▶ _DATA SUPPLIED_:
===
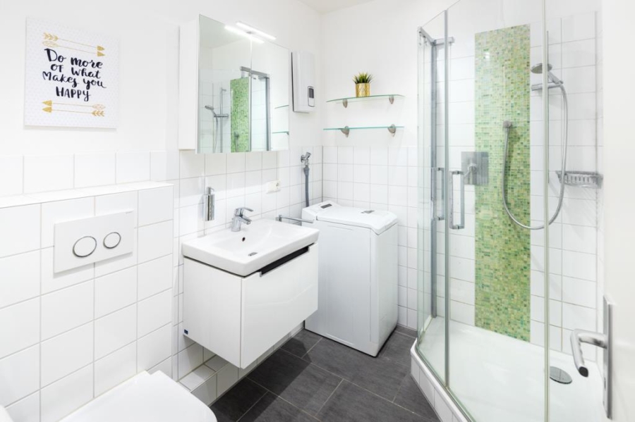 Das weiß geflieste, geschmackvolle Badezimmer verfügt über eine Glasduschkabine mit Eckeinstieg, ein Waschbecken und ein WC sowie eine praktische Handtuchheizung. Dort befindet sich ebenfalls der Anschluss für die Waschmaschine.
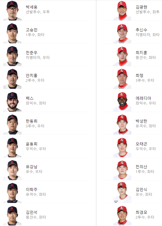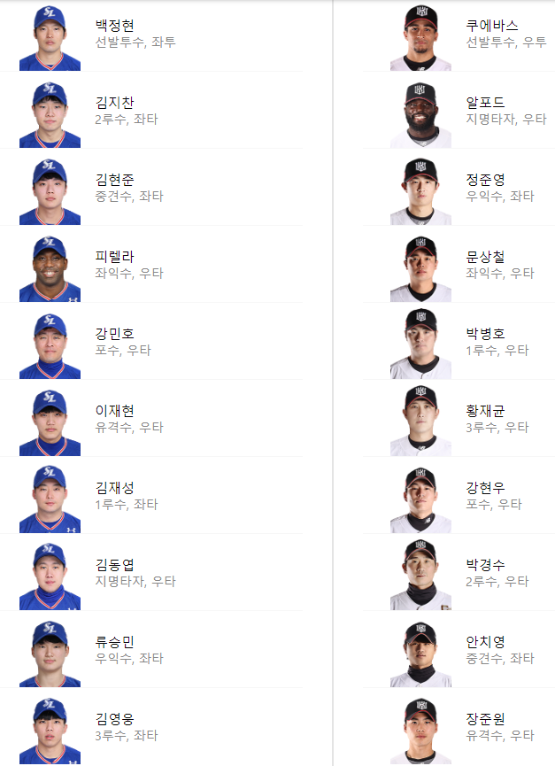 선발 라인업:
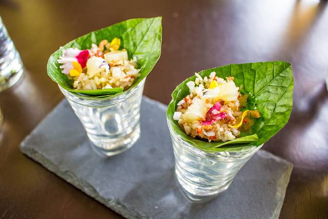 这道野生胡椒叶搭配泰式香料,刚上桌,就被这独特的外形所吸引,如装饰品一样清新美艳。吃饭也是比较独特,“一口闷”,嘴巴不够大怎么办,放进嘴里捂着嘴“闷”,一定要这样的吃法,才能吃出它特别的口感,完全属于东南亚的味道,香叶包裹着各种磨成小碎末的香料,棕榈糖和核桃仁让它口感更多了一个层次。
===
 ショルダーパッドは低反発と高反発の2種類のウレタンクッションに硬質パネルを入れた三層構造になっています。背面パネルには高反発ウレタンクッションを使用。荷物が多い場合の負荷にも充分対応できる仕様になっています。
===
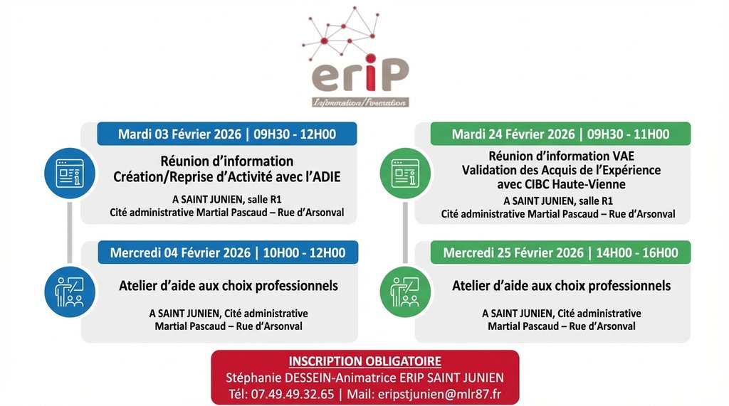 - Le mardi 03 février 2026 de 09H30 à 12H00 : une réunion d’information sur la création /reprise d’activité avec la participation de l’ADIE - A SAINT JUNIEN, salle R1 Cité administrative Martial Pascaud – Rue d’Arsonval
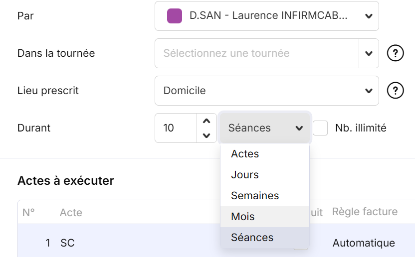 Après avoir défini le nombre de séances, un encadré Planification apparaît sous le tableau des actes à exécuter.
===
▶ _WHAT IS NEEDED_: Quote word for word only the lines above from the one containing "Das weiß geflieste, geschmackvolle" through the one containing "这道野生胡椒叶搭配泰式香料,刚上桌,就被". Pictures stay out of your copy.

▶ _RESPONSE_:
 Das weiß geflieste, geschmackvolle Badezimmer verfügt über eine Glasduschkabine mit Eckeinstieg, ein Waschbecken und ein WC sowie eine praktische Handtuchheizung. Dort befindet sich ebenfalls der Anschluss für die Waschmaschine.
 선발 라인업:
 这道野生胡椒叶搭配泰式香料,刚上桌,就被这独特的外形所吸引,如装饰品一样清新美艳。吃饭也是比较独特,“一口闷”,嘴巴不够大怎么办,放进嘴里捂着嘴“闷”,一定要这样的吃法,才能吃出它特别的口感,完全属于东南亚的味道,香叶包裹着各种磨成小碎末的香料,棕榈糖和核桃仁让它口感更多了一个层次。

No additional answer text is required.